Seyed Ahmadreza Dehghanian (), Sahand Heidary (), Danial Shams (), Ali Mastali Pour () and Rahim Zahedi ()

Edelweiss Applied Science and Technology, 2025, vol. 9, issue 10, 1591-1600

Abstract: Accurate short-term forecasting of photovoltaic (PV) power is essential for reliable grid operation and renewable integration. We propose a stacked Long Short-Term Memory (LSTM) network to predict one-hour-ahead PV output for a 1 kWp crystalline-silicon system using PVGIS-SARAH3 hourly data (2005–2023) at a central Iran location.
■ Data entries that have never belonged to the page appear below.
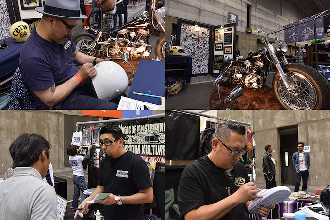 愛知県のカスタムペインター、センタールーツのブース。至極のカスタムペイントが施されたマシンは見応え充分。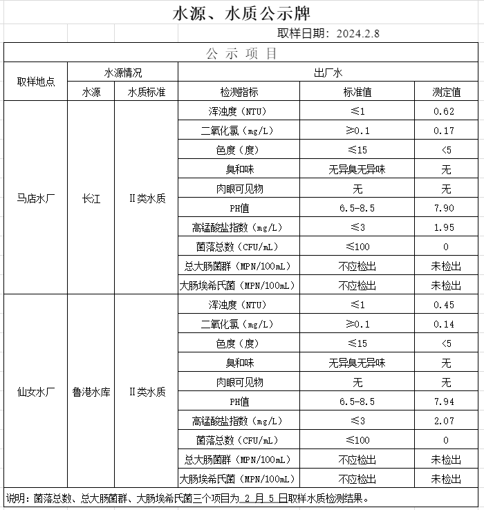 2024年2月8日水質(zhì)公告
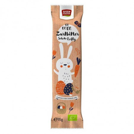 La sucette lapin au chocolat noir Rosengarten : un plaisir végétalien à grignoter pour les fêtes ! Son emballage coloré correspond parfaitement à l’ambiance de Pâques. La sucette peut autant servir pour une chasse aux œufs que pour réaliser une décoration festive.
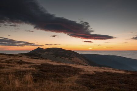 view to sunrise with inversion from the higest mountain of Czech Republic- Snezka.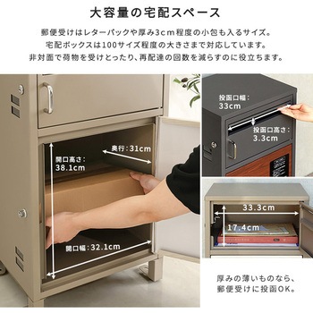宅配用の収納が1段と宅配用としても使える大きめのポストが1段ありますので、大きい荷物と小さめの荷物であれば、配達が被っても安心です。
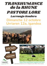 L’Association PASTORE LORE a pour but de soutenir les éleveurs de la Rhune, d’Esnaur et de Bizkarzun et dans ce cadre d’organiser un évènementiel annuel pour valoriser le pastoralisme. Organisée chaque année, le 2eme dimanche d’octobre, cet évènement a été créé pour valoriser et mettre en avant tout le travail pastoral des éleveurs.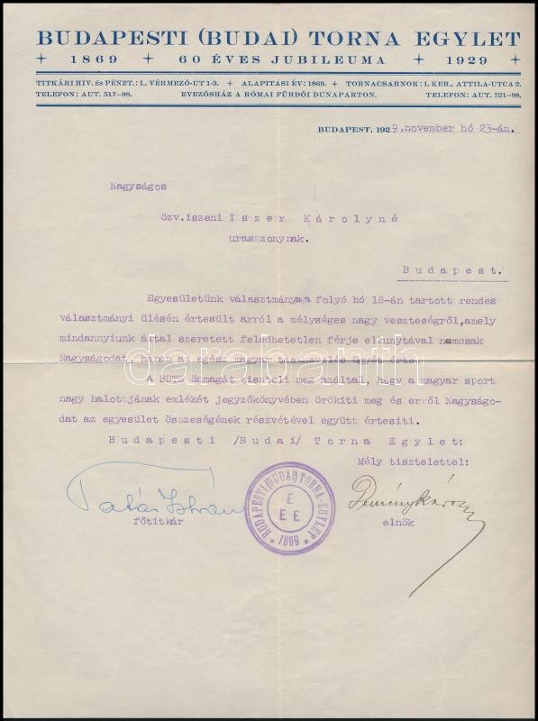 1929 a Budapesti Torna Club vezetőségének részvétnyilvánító levele isz... https://www.darabanth.com/en/320-Online-auction/320.0/Other-collectibles/Historical-documents-manuscripts~500018/1929-a-Budapesti-Torna-Club-vezetosegenek-reszvetnyilvanito-levele-iszeni-Iszer-Karoly-186~II1769911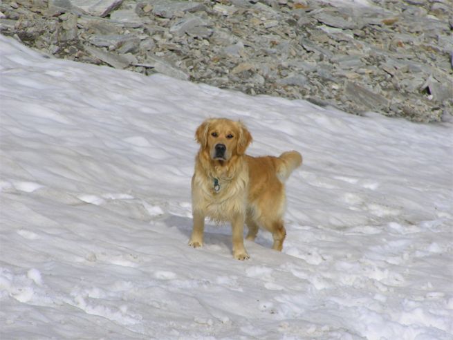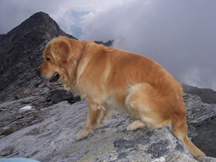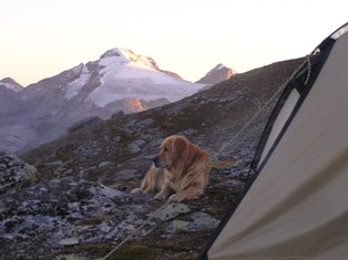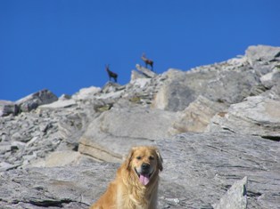 Mein ehemaliger bester Freund und Gefährte Sam. Im Hintergrund sieht man zwei grosse Steinböcke.

After timestamp parsing, hourly resampling, interpolation, and min–max normalization, 24-hour sliding windows form the model inputs. Our architecture two LSTM layers of 50 units each followed by a single Dense output neuron, was trained (20 epochs, batch ≈ 3000, early stopping patience = 0) on 70% of the data and tested on the remaining 30%. Evaluation on unseen data yields RMSE = 0.084 kWp, MAE = 0.065 kWp, MAPE = 11.7%, and R² = 0.88, corresponding to a 22% RMSE reduction versus a persistence baseline. Detailed error analysis (scatter, residual histogram, hourly MAE) highlights systematic underestimation at high irradiance and late-afternoon variability. These results demonstrate that our simple, easily-implemented LSTM achieves performance on par with more complex deep-learning frameworks, making it suitable for rapid deployment in operational forecasting systems.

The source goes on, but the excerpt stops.